[Anatomie d'un instant | Javier Cercas, Elisabeth Beyer (Traducteur), Aleksandar Grujicic (Traducteur)]
Le 23 février 1981 le colonel Tejero et ses gardes civils envahissent la salle où les députés espagnols sont en train de délibérer pour choisir un nouveau chef de gouvernement, Adolfo Suarez étant démissionaire. Pendant quelques heures l'issue du coup d'état est incertaine. C'est le roi Juan Carlos qui fera basculer les indécis dans le camp de la légalité en imposant son autorité aux militaires dissidents et en s'adressant directement aux espagnols à la télévision.
Javier Cercas aborde ces évènements d'une manière non conventionelle. Ce livre n'est ni le livre d'un historien, bien que tout y soit rigoureusement exact, ni un roman puisque tous les personnages ont bien éxisté et que la trame de "l'histoire" ne doit rien à l'imaginaire de l'auteur.Dans un prologue à son livre Cercas explique sa démarche ; l'envie d'écrire un ouvrage sur le 23 février se heurtait au choix de la forme : étude historique ? roman ? Les protagonistes de ces évènements parurent alors à Cercas comme des personnages de roman. C'est le visionnage en boucle du film (le caméraman de la TV espagnole continua de filmer pendant les premières heures du coup d'état...) qui le lui confirma. On y voit en effet deux des principaux protagonistes de l'histoire, Adolfo Suarez le premier ministre démissionaire, et Santiago Carillo le communiste pur et dur, rester tous les deux inflexibles sur leur banc de parlementaire alors que tous leurs congénères s'étaient applatis au sol lorsque les gardes civils arrosèrent la salle du congrès de leurs mitraillettes. Cercas se demanda alors quelles pouvaient bien être les motivations de ces deux là. D'où des questionnements nombreux et contradictoires qui parcourent le livre qui se veut comme une dissection du coup d'état (Anatomie d'un instant).D'où s'en suit également un style confus qui met parfois la compréhension à mal....
Ceci dit ce livre est d'abord un bon outil pour comprendre, presque heure par heure, le déroulement du coup d'état, ses causes, ses raisons profondes, le poids de l'histoire....L'auteur se fait chercheur, pose des hypothèses,prend parti....

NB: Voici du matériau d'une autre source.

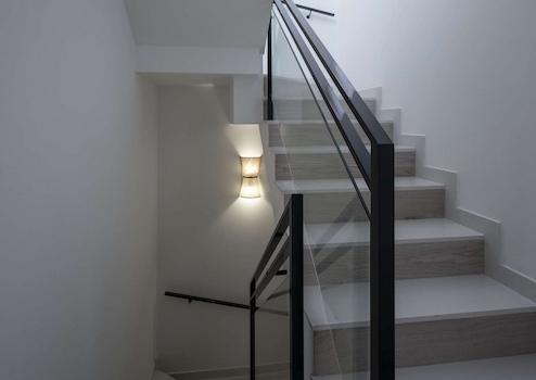 Parkplatz innerhalb des Grundstücks. Flaches begehbares Dach mit Wärmedämmung. Abdichtung mit Asphaltgewebe, veredelt mit Keramiksteinzeug. Zugangstreppe von innen.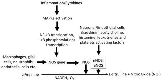 Scheme of nitric oxide (NO) synthesis MAPK activation in myeloid or glial cells can trigger NF-κB transcriptional activation, leading to expression of iNOS. iNOS is subsequently transformed to NOS, which in the presence of NADPH converts L-arginine to L-citrulline and free NO radicals. Stimulants such as bradykinin, acetylcholine, histamine, leukotrienes, and platelet-activating factors from neuronal/endothelial cells or other origins can induce expression of eNOS, and nNOS converts L-arginine to free NO radicals through the same oxidation process.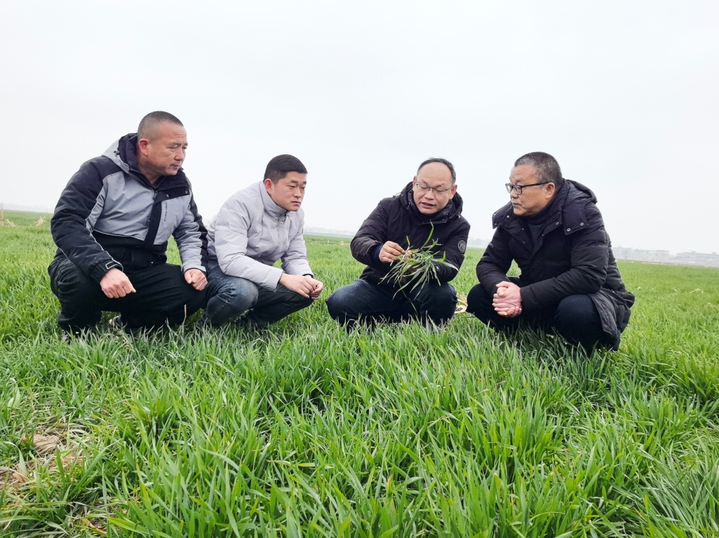 ▲皖河农场农业技术人员在安庆大观区海口镇万亩示范片指导小麦追肥(徐丽燕 摄)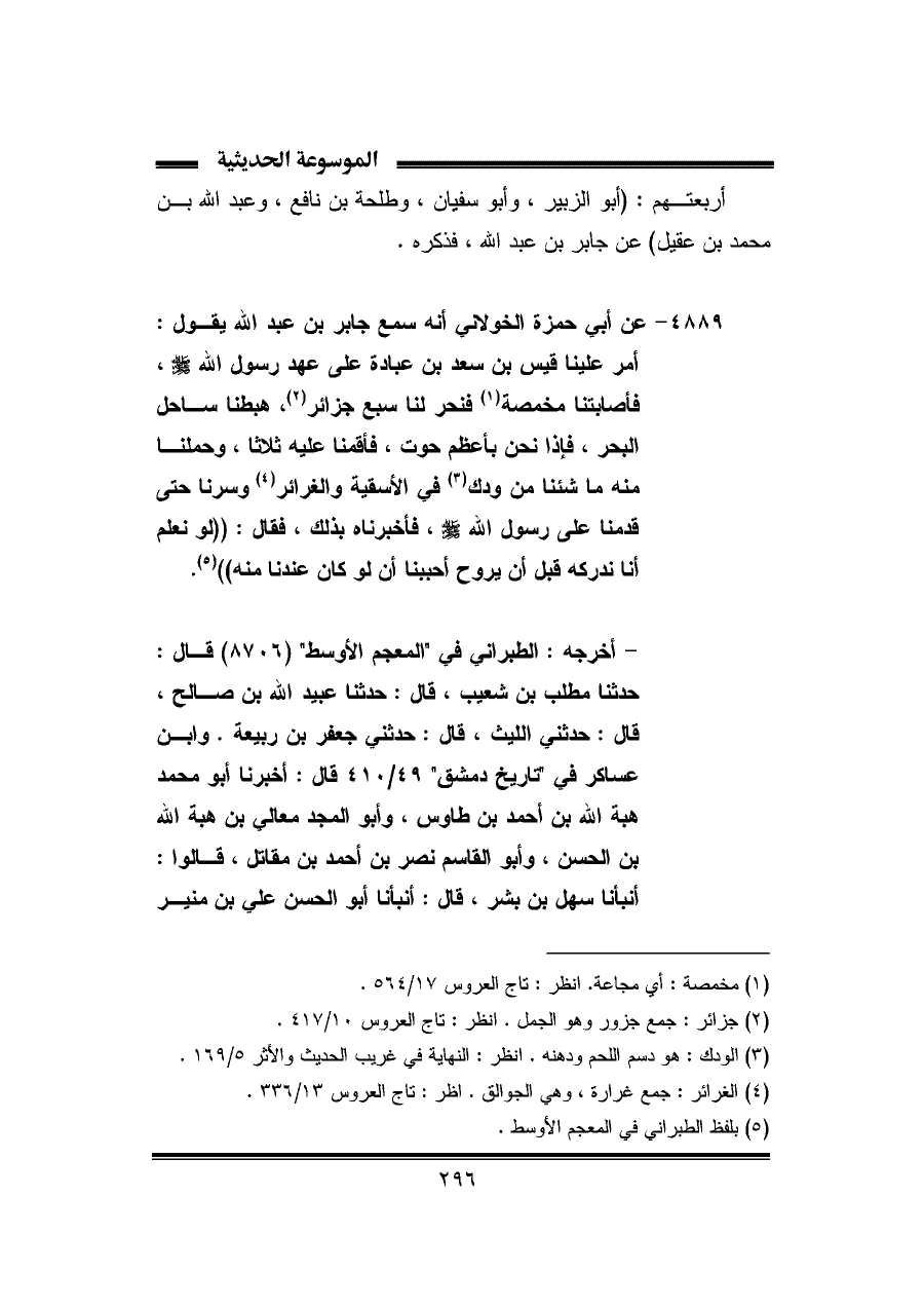 ٤٨٨٩ - عن أبي حمزة الخولاني أنه سمع جابر بن عبد الله يقول: أمر علينا قيس بن سعد بن عبادة على عهد رسول الله - صلى الله عليه وسلم -، فأصابتنا مخمصة (¬١) فنحر لنا سبع جزائر (¬٢)، هبطنا ساحل البحر، فإذا نحن بأعظم حوت، فأقمنا عليه ثلاثا، وحملنا منه ما شئنا من ودك (¬٣) في الأسقية والغرائر (¬٤) وسرنا حتى قدمنا على رسول الله - صلى الله عليه وسلم -، فأخبرناه بذلك، فقال: ((لو نعلم أنا ندركه قبل أن يروح أحببنا أن لو كان عندنا منه)) (¬٥).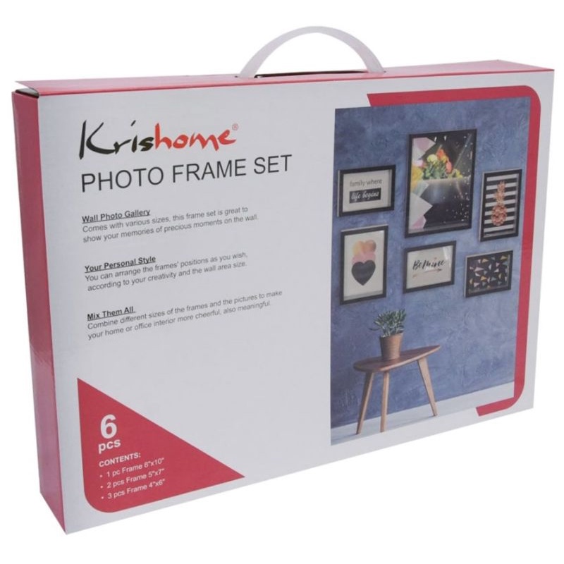Krishome Set 6 Pcs Bingkai Foto Plastik - Hitam/frame poto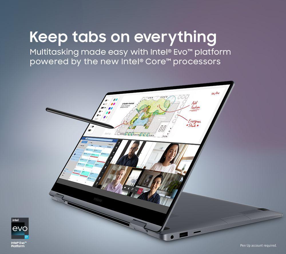 The Galaxy Book4 360 will bend over backwards to fit the way you work. Its 360° rotating hinge lets you use it as a laptop, tablet, or anything in-between. To help you speed through your workload, there's the new Intel® Core 5 processor supported by Intel® Graphics. Together they'll make quick work of all your apps and tabs. And when it's time to kick back, you can fire up a movie on the Full HD AMOLED touchscreen. It's got amazingly deep contrast and punchy colours. And thanks to the massive 68 Wh battery, you can head out without worrying about the charger. Good to know - The included S-Pen stylus gives you precise control over the touchscreen – great for taking handwritten notes or making drawings - Thanks to the dual speakers with Dolby Atmos support you'll hear every footstep in your favourite show - The Full HD webcam will make you stand out on your next video call - Multitask away with 8 GB of RAM - you can switch between apps without lag - WiFi 6E means lightning-fast internet connection for smooth browsing and streaming - There are two Thunderbolt 4 ports, so you can connect 8K monitors or super-fast SSDs - The laptop's incredibly thin and weighs just 1.46 kg – you'll barely know it's in your bag ___________________________________________________________________________ Intel, the Intel logo, Celeron, Intel Atom, Intel Core, Intel. Experience What's Inside, Intel Inside, the Intel Inside logo, Intel Unite, Iris, Pentium, Thunderbolt, the Thunderbolt logo, and Ultrabook are trademarks of Intel Corporation in the U.S. and/or other countries.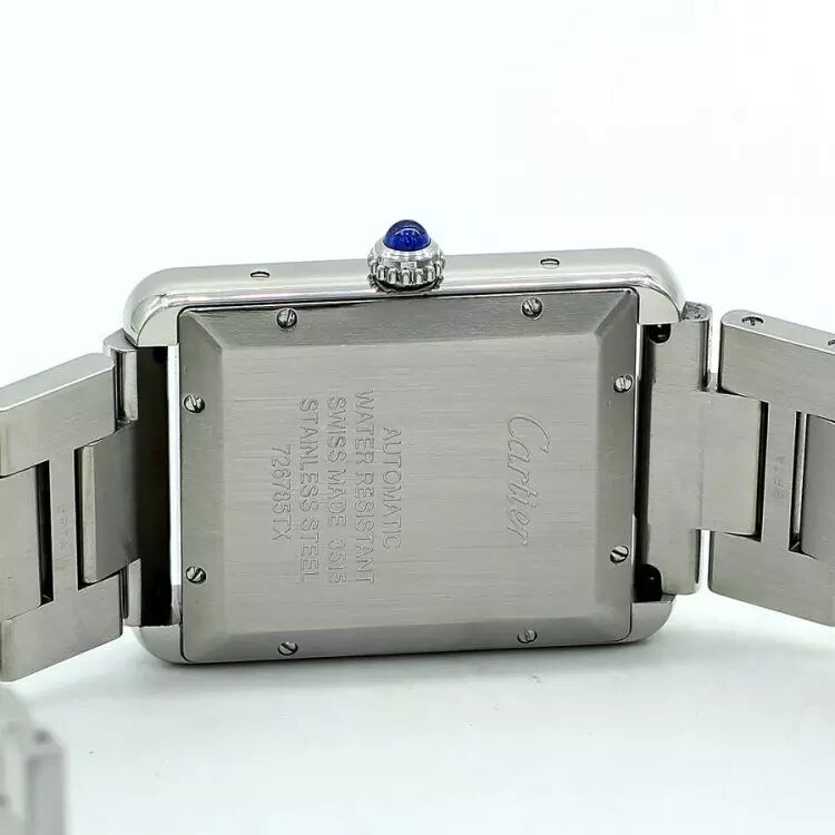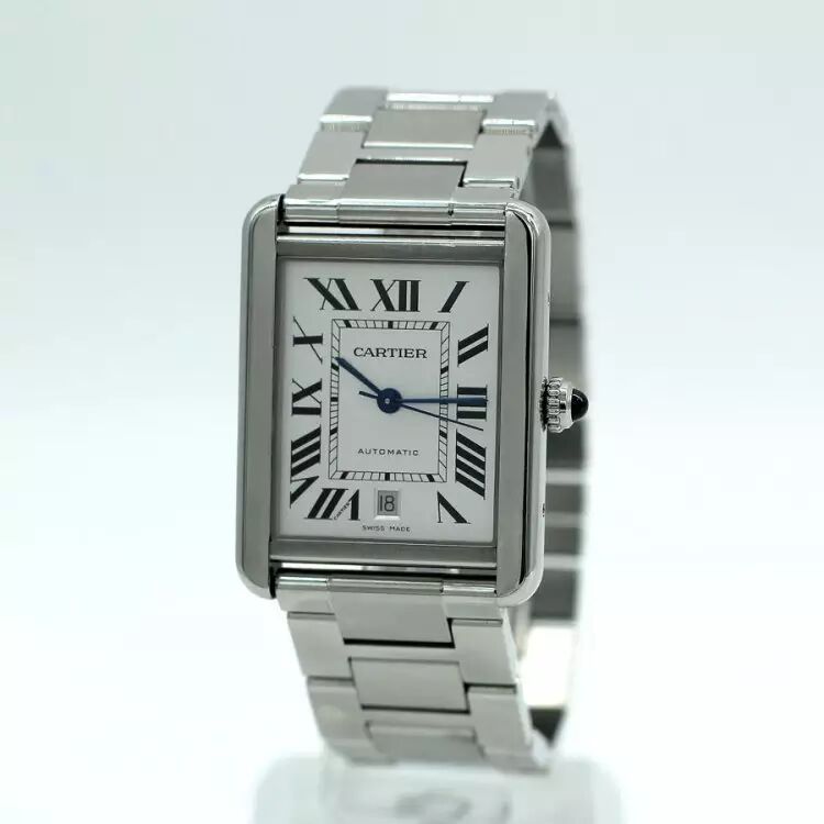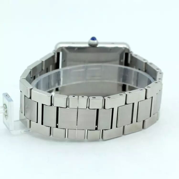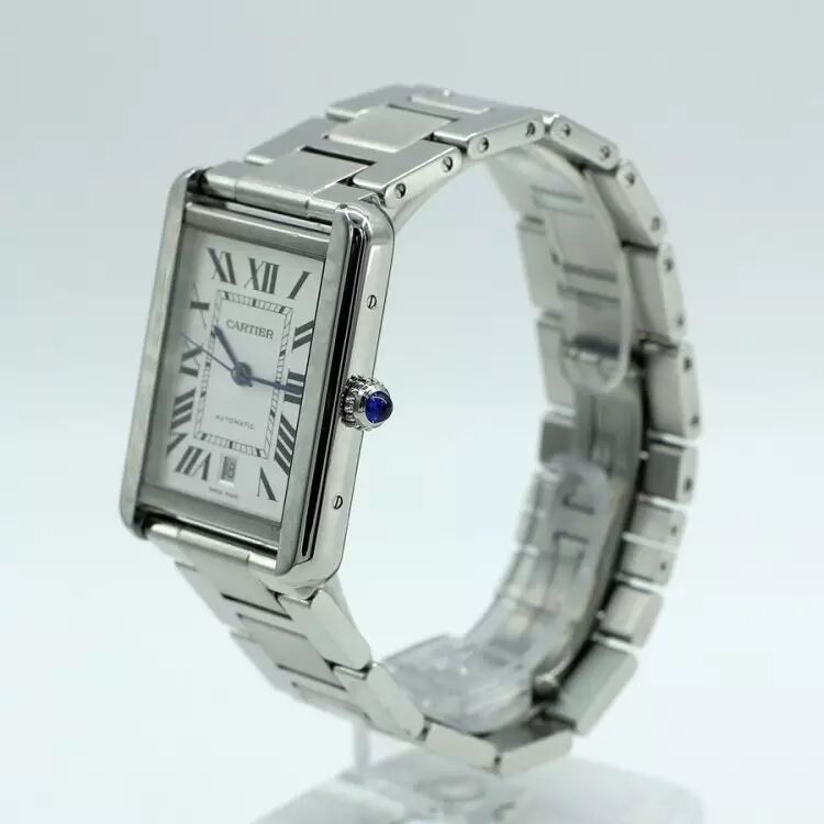 Cartier卡地亚超大号钢款TANK SOLO白盘机械中性腕表。型号:W5200028,简洁低调的现代设计,Tank Solo腕表自诞生之日便成为了经典。整表精钢打造,31x40.85MM表径,超大号款,男女都合适。镀银珠光表盘,剑形蓝钢指针,经典大罗马字刻度,蓝宝石水晶镜面,表把镶嵌一颗蓝色宝石。搭载卡地亚自动机械机芯,干练、精准。6点位置日历窗口显示,结实耐用的精钢表链,方便的折叠表扣。表链:13节(不区分大小节),腕周:20CM左右,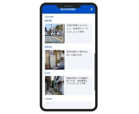 また、配送先情報の確認もできるようになりました。LPガスボンベの設置位置や配送トラックの駐車位置など文字だけでは伝わりづらい情報を配送先で確認することができます。これにより、配送員は初めて行く配送先でも作業をすることができるので、配送業務の属人化解消に貢献します。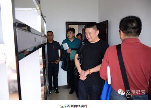 參觀員工寢室時,當(dāng)家人樓總向大家介紹我們的寢室。每個房間都配有干凈整潔的洗手間、寬敞明亮的洗衣陽臺,并配有各種家具,每個房間安裝有空調(diào),24小時供應(yīng)熱水洗澡和純凈飲用系統(tǒng)。就連我們的不銹鋼床,都是我們自己設(shè)計(jì),在建造之初就已經(jīng)焊死在地上,防止員工發(fā)生安全事故的同時,也最大程度上保證了寢室的整潔。
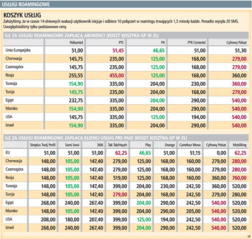 Najwięcej za usługi w roamingu zapłacą klienci pre-paid w sieci Era i Heyah, a także Mobilking i Cyfrowy Polsat. Użytkownicy GaduAir i tuBiedronka muszą pamiętać, że ich operator nie świadczy usług roamingu. Najtańsze usługi w euroroamingu oferuje Play.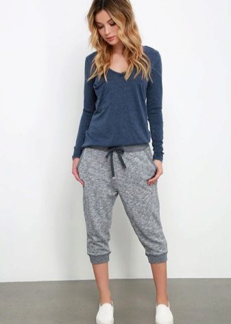 Shortened models - capri pants, chinos, trousers 7/8. A great base for a trendy modern look. But a rather dangerous thing - they can deform proportions. Gray color is able to smooth the features of different types of figures, to make the image holistic.
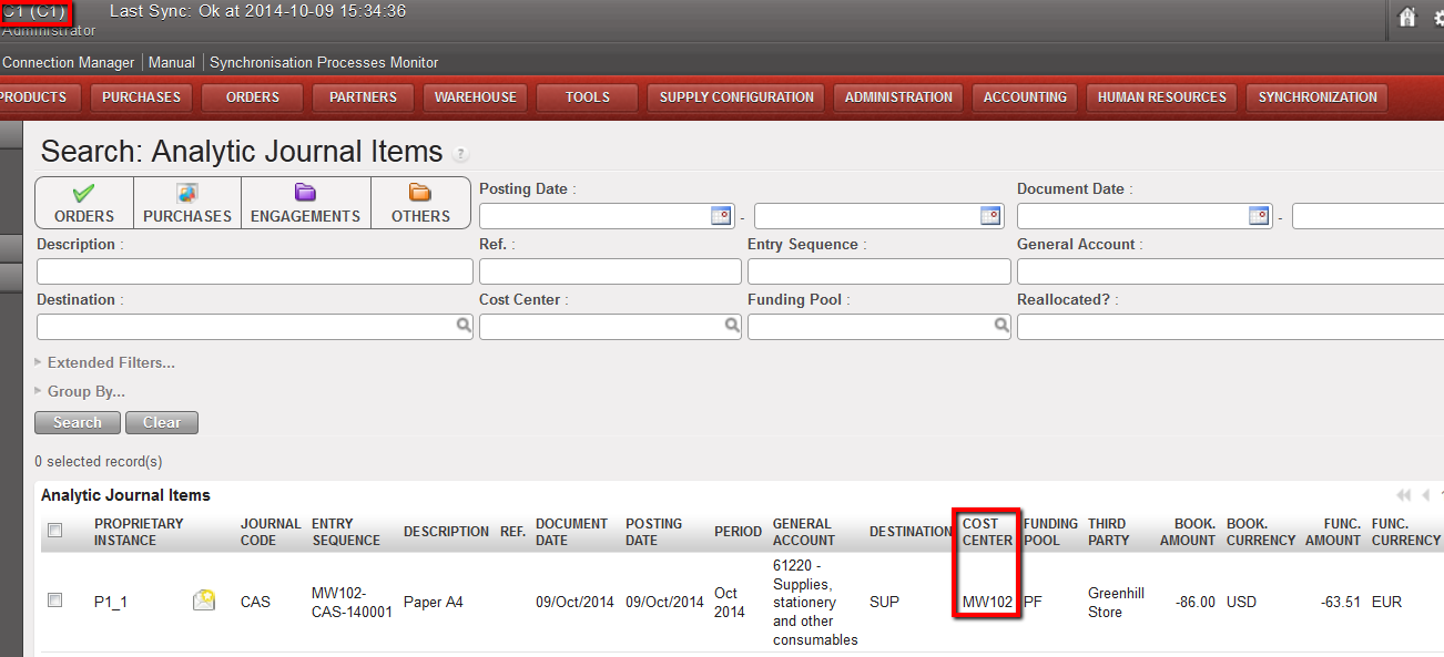 Cost center changed to MW102, visible at Project instance after being synched. This entry cannot be corrected anymore (no envelope icon = correction wizard disabled).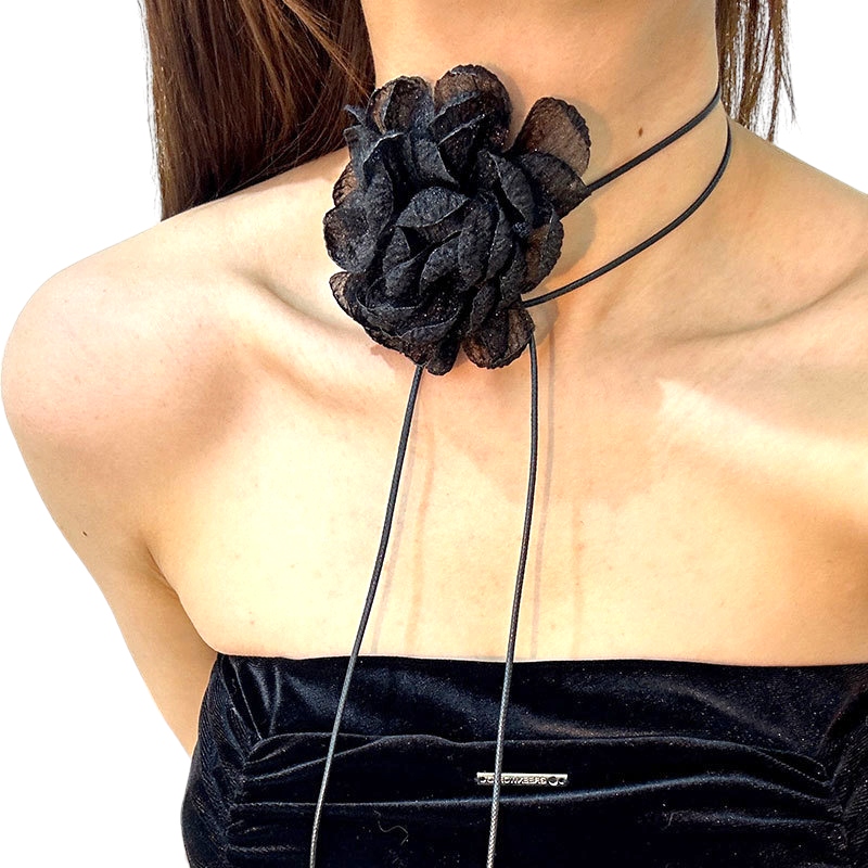 ЧОРНЕ НАМИСТО ЧОКЕР ВЕЛИКА ШИФОВА КВІТКА ТРОЯНДИ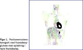 En cerebral computertomografi (CT) viste normale forhold. Patienten blev henvist til tumorudredning på Rigshospitalet. Ved en positronemissionstomografi (PET) med fluorodexotyglukose blev der påvist øget aktivitet i højre thyroidealap (Figur 1 ).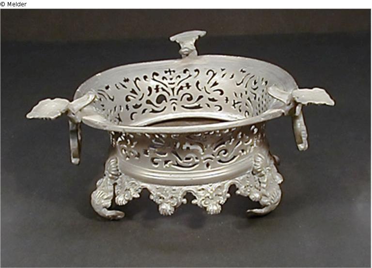 Dieses Stövchen hat einen großen, konkav geformten, dekorativ durchbrochenen Reif. Am unteren Rand befinden sich dreieckige Lappen mit Muschel- und Floraldekor sowie drei mit Muscheldekor verzierte Volutenfüße, darauf ein geschweiftes Fallhenkelpaar mit Muschel- und Floraldekor. Am oberen Rand finden sich drei flache Aufsätze mit Muscheldekor, die über den Reif hinausragen. Es trägt keinerlei Meisterzeichen oder sonstige Markierungen. Aufgrund der häufig wiederkehrenden Formen bei Zinn lässt ist das Stövchen alleine stilistisch dem Barock zuzuordnen, kann jedoch zwischen dem 18. und dem frühren 20. Jahrhundert produziert worden sein.

Il revient longuement sur le difficile accouchement de la démocratie espagnole . Celle-çi loin de s'être imposée, presque "naturellement" , fût le résultat d'un "gentleman's agreement" entre les franquistes "historiques" et les "libéraux" épaulés par le roi ; le principal article étant que jamais la "démocratie" ne devrait demander des comptes sur les temps passés... et ne jamais officialiser le Parti communiste..;(ce que Suarez fit pourtant ! ). On comprend alors que le coup d'état du 23 février 1981 ne fût pas un "golpe" d'opérette, malgré les gesticulations du Lieutenant-colonel Tejero ponctuées de sa voix de fausset...Derrière lui s'agitaient tout le ban et l'arrière ban des franquistes nostalgiques ; des militaires bien sûr, mais aussi des hommes de l'entourage du roi mus autant par la revanche que par l'ambition. Javier Cercas, au vu d'archives,soupçonne même le roi d'avoir, par un jeu trouble ou du moins par une passivité malheureuse, encouragé la rebellion.
Un livre qui intéressera les "afficionados" de l'Espagne et de son histoire.